DATASET
- - - - -
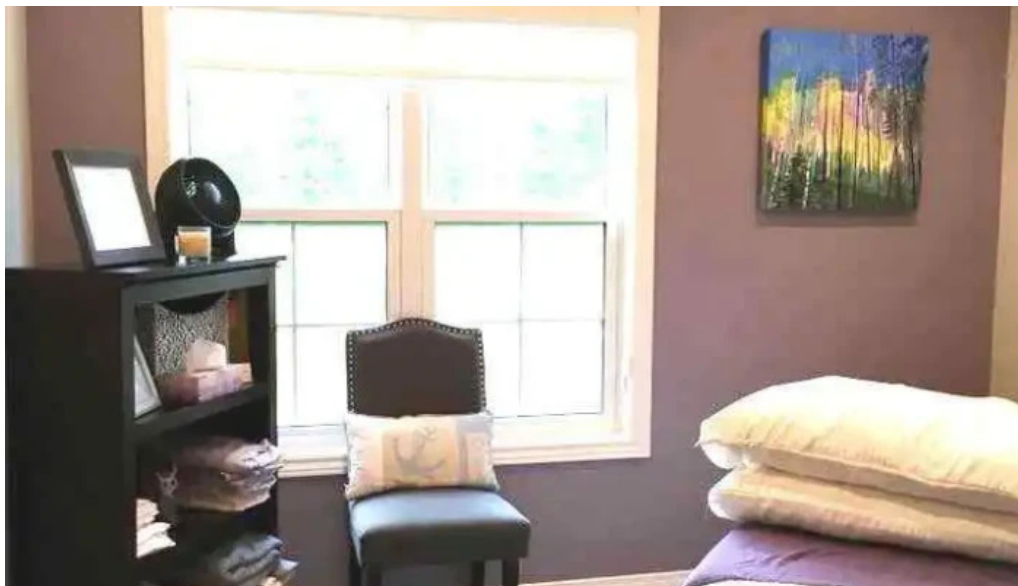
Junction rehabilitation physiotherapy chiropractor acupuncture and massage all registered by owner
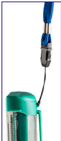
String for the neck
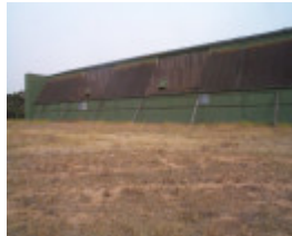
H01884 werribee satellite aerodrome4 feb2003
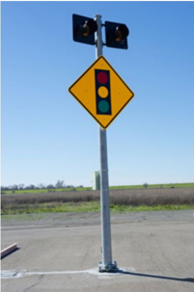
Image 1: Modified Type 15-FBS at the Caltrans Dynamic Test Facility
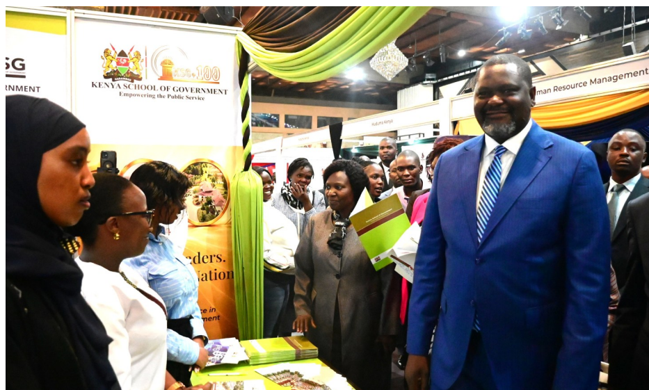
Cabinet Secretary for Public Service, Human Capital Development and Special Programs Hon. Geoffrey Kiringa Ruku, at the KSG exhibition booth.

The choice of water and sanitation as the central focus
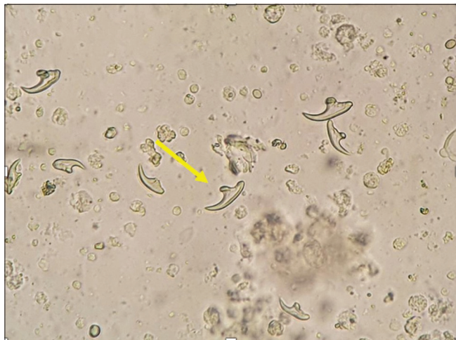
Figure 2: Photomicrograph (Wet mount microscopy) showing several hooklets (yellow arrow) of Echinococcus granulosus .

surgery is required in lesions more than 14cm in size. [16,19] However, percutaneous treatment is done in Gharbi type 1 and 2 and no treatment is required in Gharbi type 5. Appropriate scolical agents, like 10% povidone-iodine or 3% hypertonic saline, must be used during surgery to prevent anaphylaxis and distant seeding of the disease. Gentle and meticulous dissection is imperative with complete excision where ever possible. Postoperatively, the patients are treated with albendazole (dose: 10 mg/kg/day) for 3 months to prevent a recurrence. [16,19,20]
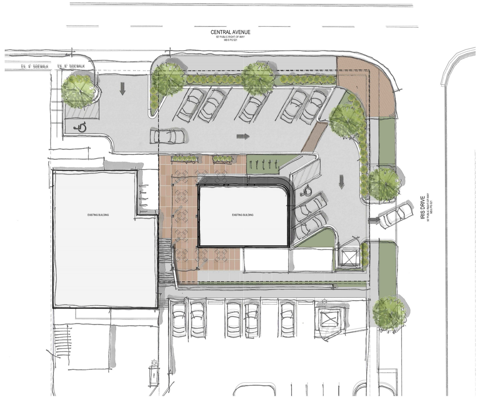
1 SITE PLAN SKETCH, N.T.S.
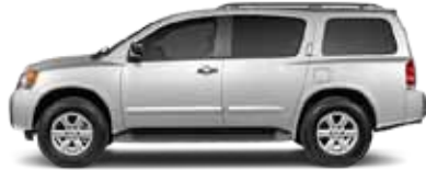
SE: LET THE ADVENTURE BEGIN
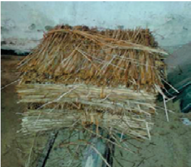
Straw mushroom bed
- - - - -
PROBLEM TO SOLVE
Although pictures appear among the records above, write out exactly only the lines from the one that has "Image 1: Modified" through the one that has "Figure 2: Photomicrograph", and leave the pictures out.

TASK SOLUTION
Image 1: Modified Type 15-FBS at the Caltrans Dynamic Test Facility
Cabinet Secretary for Public Service, Human Capital Development and Special Programs Hon. Geoffrey Kiringa Ruku, at the KSG exhibition booth.

The choice of water and sanitation as the central focus
Figure 2: Photomicrograph (Wet mount microscopy) showing several hooklets (yellow arrow) of Echinococcus granulosus .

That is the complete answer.